Furthermore, at the Kaiser web site’s President’s Message page in an article titled “The Kaiser Family Foundation’s Role in Today’s Health Care System,” published 6/09, there is a telling but subtle phrase innocuously positioned in the body of the article that provides significant insight into the philosophical and political position of the organization.  According to President Altman, “the recorded intent of the donor (Henry J. Kaiser), somewhat like the U.S. Constitution, is living language that must be interpreted by successive generations of foundation executives and trustees in light of changing circumstances and opportunities.”  A living and breathing will or trust is fine for a philanthropic organization, but it is a substantial point of divergence between liberals and conservatives when it is applied to the Founding Documents.  (Bolded are author’s emphasis)        


President Altman described the foundation’s view of itself as a legitimate public resource, writing “We have a clear sense of our three audiences: policymakers, the media, and the general public.  We work to put the fruits of health services and health policy research into formats that these three audiences can readily digest.”
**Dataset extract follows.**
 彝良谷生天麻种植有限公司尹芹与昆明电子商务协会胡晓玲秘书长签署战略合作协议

Easy to digest perhaps if the reader is a university professor, a jurist doctorate or a high school educated U.S. senator.  To this average Alaskan however, an extended visit to the Kaiser Family Fund’s web site was cause for indigestion complicated by vertigo. 
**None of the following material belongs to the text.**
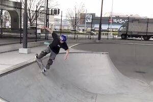 びたーん(@_@;)後ろ側のタイヤが縁に引っかかったのか。大阪府堺市中区八田寺町の原池公園スケートボードパークで顔面骨折の怪我を負ったスケートボーダーのビデオです。怪我が付き物の遊びだけど顔面骨折はキツいだろうなあ・・・。
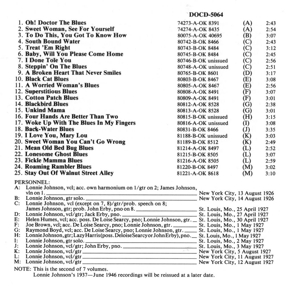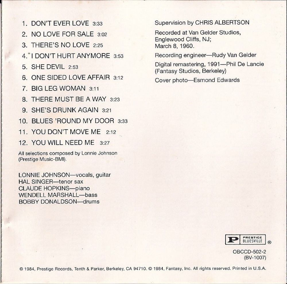Time seemed to have passed Johnson by during the late '50s. He was toiling as a hotel janitor in Philadelphia when banjo player Elmer Snowden alerted Chris Albertson to his whereabouts. That rekindled a major comeback, Johnson cutting a series of albums for Prestige's Bluesville subsidiary during the early '60s and venturing to Europe under the auspices of Horst Lippmann and Fritz Rau's American Folk Blues Festival banner in 1963. Finally, in 1969, Johnson was hit by a car in Toronto and died a year later from the effects of the accident.

Although this article documents some specific philosophical and political implications found at the KFF web site, reading the site was an exercise in futility in an attempt to evaluate the myriad proposals and bills to reform health care insurance.  Moreover, using the side-by-side comparison tool was a journey to nowhere, with one major exception.


Of particular interest in a side-by-side comparison of the four primary plans now before congress, three of them begin with the word “REQUIRE,” as in require individuals or require most U.S citizens.  Paraphrasing a great president from the old Democratic Party, it appears as though the American people will soon decide if we question not what the federal government requires of you, but question what you require of your federal government.
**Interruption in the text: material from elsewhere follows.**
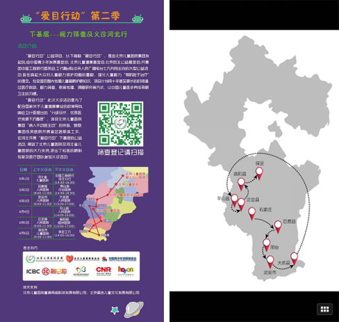 今年“爱目行动”将从6月1日至6月6日,从河北石家庄出发,途径巨鹿县、邢台县、武安市、大名县、平山县、正定县、曲阳县到达保定市,由北京儿童医院及河北省儿童医院的眼科专家组成的义诊团队,为当地的儿童提供视力筛查及义诊服务。同时,对需要进行手术治疗的贫困儿童家庭提供免费救治。

It is unfortunate that those people who seek radical changes in health care delivery are less than candid in the process that they have engaged to implement the changes.  This lack of candor raises the suspicions of the average citizen and further enables the antagonists.  Statements and decisions attributed to the highest office in the land suggesting the use of focus groups to determine the terminology (System Reform or Health Insurance Reform) best suited to sell an important policy is extremely unhelpful.         


On the other hand, honest and forthright presentations of a politician’s goals, if they are noble to begin with, would be a helpful choice.  Otherwise, assertions such as “If radical System Reformers succeed in nationalizing health care, then say good bye to liberty as it is currently known” can flourish in the suspicious environment produced by the lack of candor and perceived ignobility. 


Moreover, while most System Reformer antagonists claim that people will become fearful to speak out against a government that has the power to grant or withhold health care services, not much has been mentioned of the propensity for countless many Americans who will avoid accessing care for fear of being labeled an abuser of the system or, worse yet, a malingerer or a mental case.  Labels such as these can easily be generated by undesirable government officials.    


Imagine then, Mrs. Jones, who just received a letter from the Office of the Secretary, National Health Services, informing her that any future visits to the clinic will have to be pre-approved by the Secretary. 


Now imagine what behavioral changes that letter, and many others like it, will have on all of Mrs. Jones’ friends and neighbors.  Big brother doesn’t have to watch everyone now, does he? 


Ultimately, everyone will question what they demand of their government.